Roughrigg Reservoir to Stay After Customers Have their Say

Roughrigg Reservoir to Stay After Customers Have their Say

Scottish Water has taken the decision to retain Roughrigg Reservoir in North Lanarkshire following a wide public consultation with local communities.

The Category A reservoir, which is no longer used to supply water, needs a significant amount of work in the interests of safety to meet the latest guidance under the Reservoirs Scotland Act.

An option to breach the popular fishing spot and plant woodland was being considered, alongside works to install new siphons at the dam.

Earlier this year, the local communities of Airdrie, Chapelhall and Salsburgh, were asked for their input on the future of Roughrigg.

An overwhelming majority of our customers described the positive impact this outdoor amenity on their doorstep has on their lives, mental health, and wellbeing.

Taking this into account, Scottish Water has further reviewed the options and decided that, at this time, keeping the reservoir offers many community benefits. However, should regulations change, and further large investment be required in the future, the situation will be reviewed again.
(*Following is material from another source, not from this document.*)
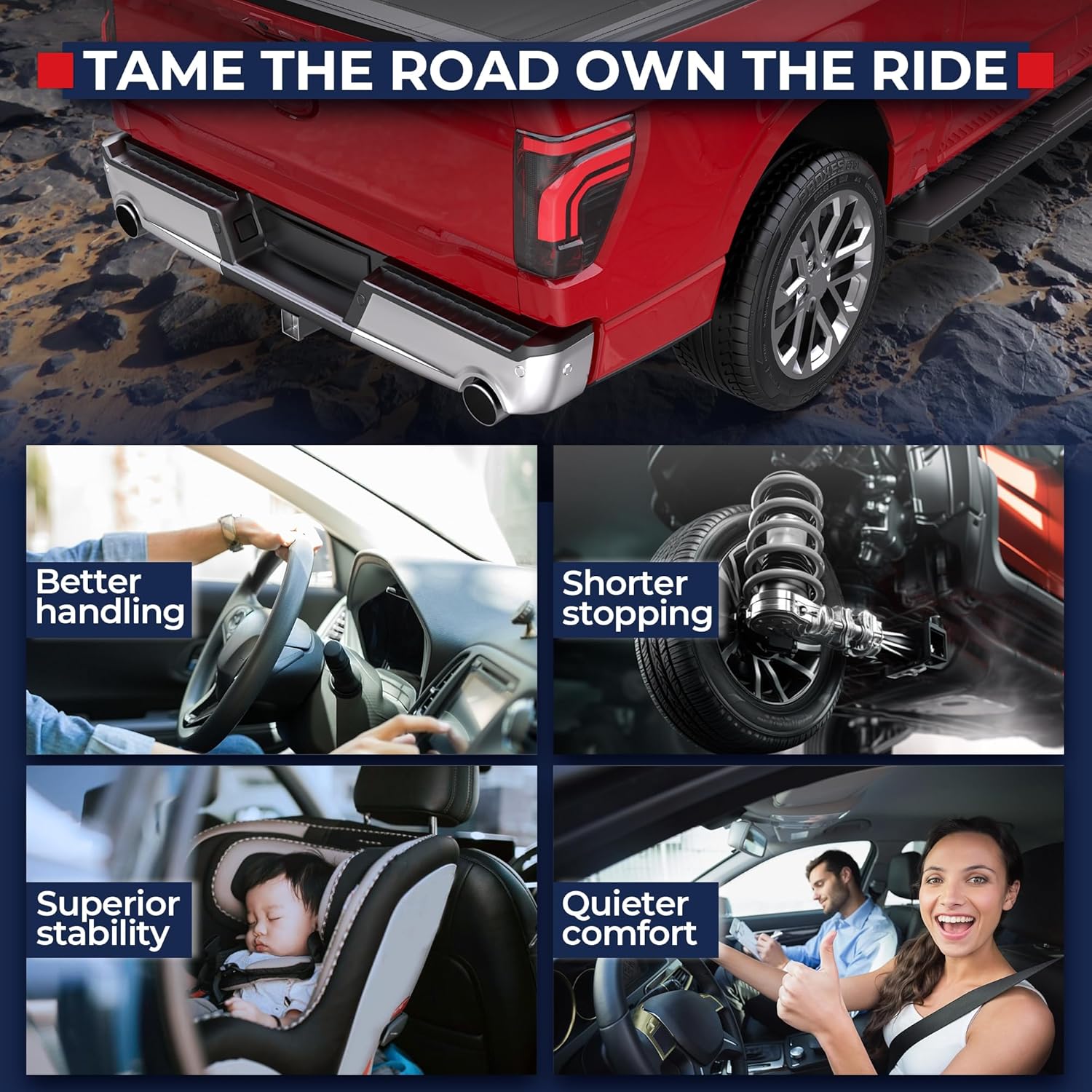 [Longer-lasting]:Our Complete Shock Assembly features high-strength springs a rust-proof coating and reinforced welds. Every unit undergoes rigorous inspection to ensure superior craftsmanship built to withstand extreme temperatures humid conditions and road debris. The premium top mount resists cracking and aging maintaining durability even after years of heavy useengineered for long-term reliability so you wont need frequent replacements.

The decision was welcomed by the Roughrigg Angling Association whose members are the most frequent visitors at the reservoir and have been fishing there for almost 25 years.

Club Treasurer Margaret Makemson said: “Roughrigg Angling Club would like to thank Sottish Water for making the decision in favour of the club and for the wider benefit of the people of North Lanarkshire. This will be appreciated more than words can say.”

Airdrie and Shotts MSP Neil Gray, added: “I am absolutely delighted that the work we have done with Scottish Water, and the huge consultation feedback from the community, has saved the reservoir.

“I am obviously delighted for the Angling Club, who first approached me concerned about the potential loss of the reservoir, but also those in the local community who use the site.

“I greatly appreciate the responsiveness of Scottish Water and their willingness to genuinely consult on this issue. I will continue to work with them on the work that needs done both to the reservoir and the surrounding area to make it more accessible.”

Roughrigg will now be retained, using siphons to protect downstream properties and the project is already in the design stages, with completion expected by autumn next year.

The reservoir is already hugely popular for fishing, and local dog walkers. As part of the design process, Scottish Water will look to identify any potential improvements which could be made to encourage more visitors to enjoy and use the scenic beauty spot.

Andrew Dunbar, Water Service Strategy General Manager for Scottish Water said: “The views of our customers are very important to us and our engagement with the local communities helped us understand the importance they place on access to this reservoir.

“I’m very pleased we were able to achieve a positive outcome for the community, supporting the health and wellbeing of the nation.

“Scottish Water is committed to promoting access to the natural environment and encouraging communities to enjoy and protect it.”